И хотела бы я сказать «нет», но он ведь всё равно не ответит.
— Поехали, — улыбнулась я, отворачиваясь. — А то опоздаем.
— Да, моя принцесса, — склонил он голову. — Слушаю и повинуюсь.
Я посмотрела на него украдкой, когда машина снова набрала скорость.
— А ещё знаешь, что? — тут же спросил он, причём с моей интонацией. — Ты поймёшь, как сильно они отличаются, когда он будет: то, что у нас сейчас и то, что называют «роман».
— А он будет? — воодушевилась я.
— Я разве сказал со мной? — делано удивился он.
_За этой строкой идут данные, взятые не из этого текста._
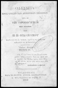 Βαθμίδα εκπαίδευσης: Πρωτοβάθμια Τάξη: Δημοτικό / Παρθεναγωγείο Μάθημα: Αρχαία Ελληνικά Γλώσσα: Καθαρεύουσα Παρουσίαση περιεχομένου: Αναγνωστικό για τα Δημοτικά Σχολεία και Παρθεναγωγεία που εξιστορεί τις περιπέτειες του Οδυσσέα. Το κείμενο συνοδεύεται από γλωσσικές και ερμηνευτικές σημειώσεις. |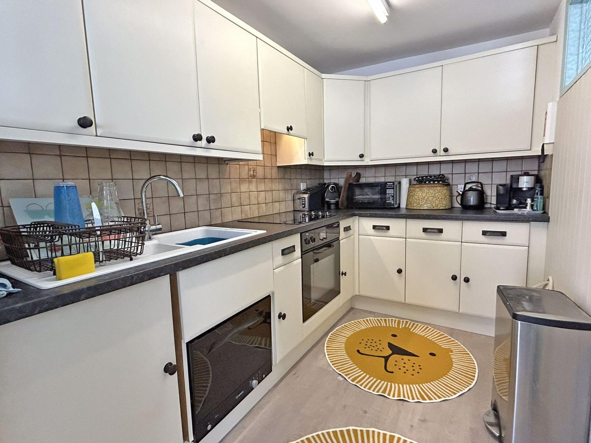 3.08m (10’01) x 1.91m (6’03) Fitted kitchen comprising a range of floor standing and wall mounted cupboards with co-ordinating worksurfaces and tiled splashbacks. Built in single electric oven. Electric hob and cooker hood over. One and a half bowl sink incorporating drainer. Integrated under counter fridge with freezer compartment. Built-in micro dishwasher. Karndean flooring. Obscure glazed window sharing light from sitting room.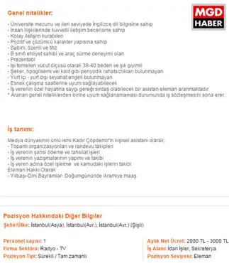 Radyocu ve televizyoncu Kadir Çöpdemir, internetten verdiği iş ilanı ile asistan aradığını duyurdu. İlandaki dikkat çekici detay ise asistanın beden ölçülerinin de aranılan şartlar arasında yer alıyor olması.

И как у него это получалось? Когда казалось всё безнадёжно испорчено, взять и всё наладить? Он как котлета с пюрешкой, что может исправить любой плохой день, со слогана одной известной закусочной.
Моя котлетка.
Я с трудом сдержала улыбку, и снова потянулась к его лицу. Он даже не отпрянул. Вот же выдержка у человека!
— У тебя блеск, — вытерла я его губы, испачканные моей помадой. И напомнила: — Ты хотел мне что-то рассказать по дороге.
— Это снова про Антона, — посмотрел он хитро. — Но, может, после этого ты передумаешь и захочешь большего?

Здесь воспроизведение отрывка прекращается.